Barely after the mall was reopened on the 15 January 2020, it was impacted by the double whammy of Covid-19, hence the mall was once again had to be closed (limited opening) and rental relief once again be given to tenants.

The impact for Q4 looks to be greater than 1.5 months (Q3), if we take the impact to start from mid Feb onwards.

In other words, GR will look to drop much worse than the 36.3% YoY comparison reported in Q3, and NPI to drop by more than 40% YoY comparison reported in the same period.

2.) DPU Likely To Be Halved

DPU for Q3 dropped by 13.3% YoY due to the closure impact, even though this was partly helped by the distributional top up they get from their insurer.

Bare in mind this is 100% payout, and we might have a totally different story in Q4 when the manager might retain the majority of the distributional income after the temporary law is passed.

Using big brother MCT as an example, they have retained close to 60% of the distributional income in Q4 due to the potential impact of Covid-19 and we might see the same applied to MNACT.

Assuming a 40% payout, we are looking at 0.67 cents/share for Q4FY20, which is likely to be a 65% drop YoY to what was reported last year at 1.956 cents/share for Q4FY19.

3.) Revaluation Loss

This is probably going to be the most exciting part of the lot.

Full year results means there's going to be a revaluation exercise done on the investment properties.

Festive Walk, Gateway Plaza and Sandhill Plaza's valuation have been going up since the days they listed the Reit and this run looks to end this year.


I've tabulated across the last 3 years valuation for their properties and it looks like this.

For FY2019, I've worked backward by taking a haircut of 15% revaluation drop for Festive Walk, 5% for Gateway Plaza and 5% for Sandhill Plaza, using the average of the respective actual exchange rate.
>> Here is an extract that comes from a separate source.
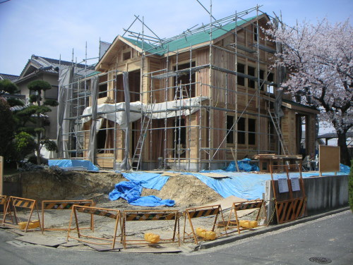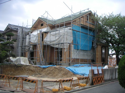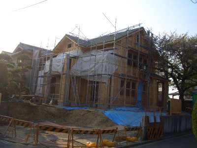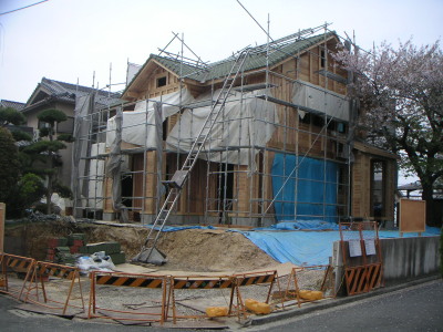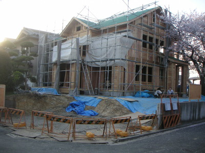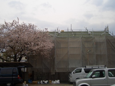 4月に入り年度明け、私の会社でも人の動きがあった。私、幸い家の完成前の異動という最悪の事態は避けられた。折角ここまできたのだから暫くは完成した家でゆっくり住みたい・・・。さて会社のバタバタがあった為棟上げからのこの1週間はかなりはハードスケジュールだった。先月までは少々遅くなっても会社帰りに途中下車し現場に寄って、作業進捗を確認していたのだが、今週はそれもする余裕が無かった。あの雨の中の迫真の作業から1週間、すっかり屋根ができて防水シートまで敷かれて家らしくなった。

If my above guestimate is true, the Reits are likely to book a total of S$733m revaluation loss on their investment properties (including translation loss/gain) which is likely to push their Q4 into negative loss position.

$733m downward revaluation will represent an NAV loss of about 22 cents/share. So we are likely to see NAV drop from $1.41 to $1.20 post revaluation.

4.) Gearing To Increase

MNACT has been able to navigate their gearing well due to their revaluation surpluses in recent year, but they are likely to deteriorate and struggle this year due to their revaluation losses.
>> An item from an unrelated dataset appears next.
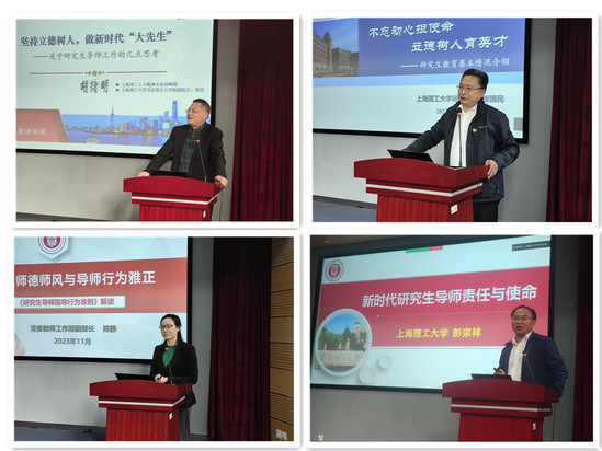 孙跃东致辞 会上,马克思主义学院副院长、党的二十大精神专家宣讲团成员胡绪明教授以中华优秀传统文化教育强国思想、习近平总书记关于教育强国的重要论述为切入点,结合自身研究生教育经验分享了做新时代“大先生”的几点思考。他指出“大德为本”是师者之道,“大爱为魂”是教育之本,“大智为基”是为师之技,“大局为重”是教育之用。研究生院副院长崔国民以“不忘初心担使命 立德树人育英才”为题作主题报告,介绍了我校学位与研究生教育的整体情况、特色工作及一流研究生人才培养行动计划推进情况,同时分享了自己指导研究生的心得体会。教工部副部长郑静以“新时代师德师风与导师行为雅正”为题对教育部下发的《研究生导师指导行为准则》进行深入解读和案例分析。研工部部长彭宗祥作题为“新时代研究生导师责任与使命”的报告,通过剖析当前研究生思想政治教育的形势与任务,强调了研究生导师履职尽责的重要性,深入交流了关于研究生导师落实立德树人职责的思考。

Using the same above estimates, gearing is set to increase from the current gearing of 36.2% to above 40%. This will limit their ability to take on further loans either for working capital or acquisitions, and the likely scenario is a higher retained distributional income or placement/rights issue.

Conclusion

MNACT is not a bad investment because I think their properties and tenant quality are pretty solid over the long term but there are big overhang in the short to mid term.

If we use Wharf Reic and Hongkong Land as our closest benchmark, both companies have reported huge reversion and revaluation losses for their retail and commercial properties and we are likely to see the same fate for MNACT, which at the moment, I don't think the market has fully priced them in yet.